FILE #3: A man has been threatened with jail for wearing shorts in court in Malta. Simon Chircop turned up wearing shorts and a T-shirt for a traffic matter at the court on the Mediterranean island. Magistrate Carol Peralta said he was showing disrespect and fined him £38. She said if he can’t pay the shorts fine he will go to jail. Chircop was also fined for driving without a valid license. He told the bench he did not have enough money to pay the fine for wearing shorts. The magistrate told him: “If you don’t pay the fine within the time prescribed by law, you will go to prison to make up for it.”
STRANGE LAW: In Wichita, KS it is illegal to carry a concealed bean snapper.
THIS IS YOUR BRAIN ON DRUGS
“This Is Your Brain On Drugs” is about people doing dumb things under the influence, but addiction is no laughing matter. If you or someone you know needs help, there’s a toll free number you can call 1-800-438-0380. That’s the Addiction Hope and Help Line at 1-800-438-0380.

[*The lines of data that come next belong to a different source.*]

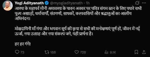 योगी आदित्यनाथ ने प्रदेशवासियों को मौनी अमावस्या की बधाई दी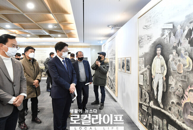 [수원=로컬라이프] 송준형 기자 = 수원컨벤션센터에서 5.18 광주민주항쟁 당시 시민군 대변인으로서 전남도청을 사수하다 신군부의 총탄에 30살 꽃다운 나이에 목숨을 잃고 5.18의 상징이 된 윤상원 열사의 일대기를 담은 "글과 수묵, 사진으로 만나는 '임을 위한 행진곡'. 윤상원" 전시회가 수원컨벤션센터에서 121일부터 14일까지 개최된다.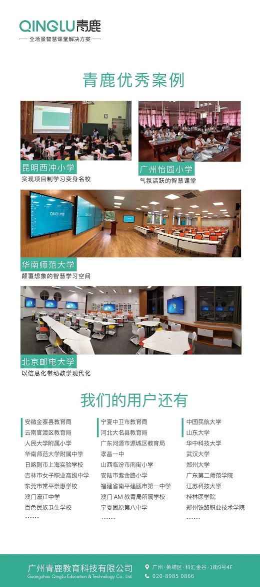 青鹿作為智慧教育信息化整體解決方案提供商參展(展位號40203),我們提供集智慧課堂、智慧錄播及創客課堂為一體的智慧教學環境,致力于打造以教學為核心的智慧校園融合解決方案,青鹿將在本次展會中展示青鹿盒子、青鹿小盒子、云鏡攝像機、研討型智慧教室解決方案及青鹿普教業務的部分經典案例。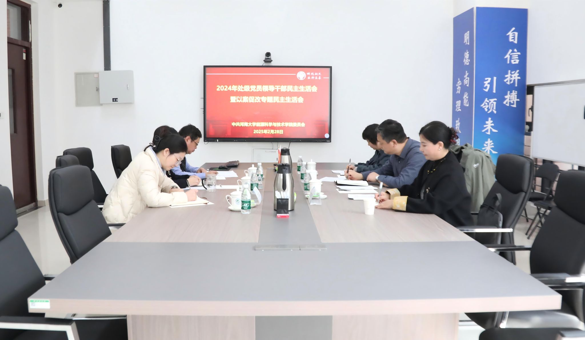 在郑州校区九章学堂北楼A203会议室召开2024年度处级党员领导干部民主生活会暨以案促改专题民主生活会。校第五督导组组长、正处级纪检监察员李贵仓,副组长、农学院党委副书记曹玉辉,督导组成员、药学院党委办公室主任李佳桓到会指导。学院全体领导班子成员参加会议。会议由院党委书记程亚敏主持。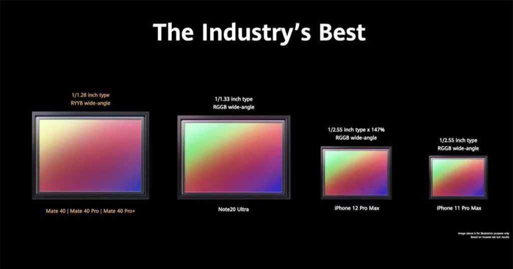 В обычном Mate 40 их три. Основной модуль как и у старших версий. Это 50-Мпиксельный RYYB-сенсор гигантских размеров 1/1.28 дюйма — самый большое на сегодняшний день среди всех смартфонов. А значит, он будет получать много света. И всё же не так много, как конкуренты, ведь прикрыта матрица весьма тёмным объективом f/1.9. Куда делись стёкла по f/1.6-1.7, пока не ясно.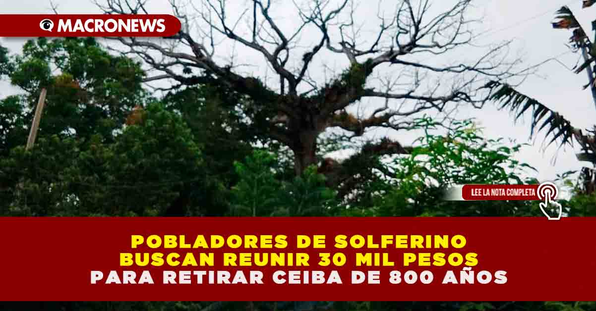 Pobladores de Solferino buscan reunir 30 mil pesos para retirar ceiba de 800 años que representa riesgo en temporada de huracanes

You won’t find this business listed on the mall directory.
Federal agents report they’ve busted up a pot growing operation in the Mall of the Americas in Miami. The hydroponic grow house was located deep in a storeroom at the mall. Agents say growers tapped into the mall’s power lines for electricity, but the amateur wiring could have caused a fire. No one was arrested, though 200 plants were seized. Authorities aren’t saying what tipped them to the mall marijuana.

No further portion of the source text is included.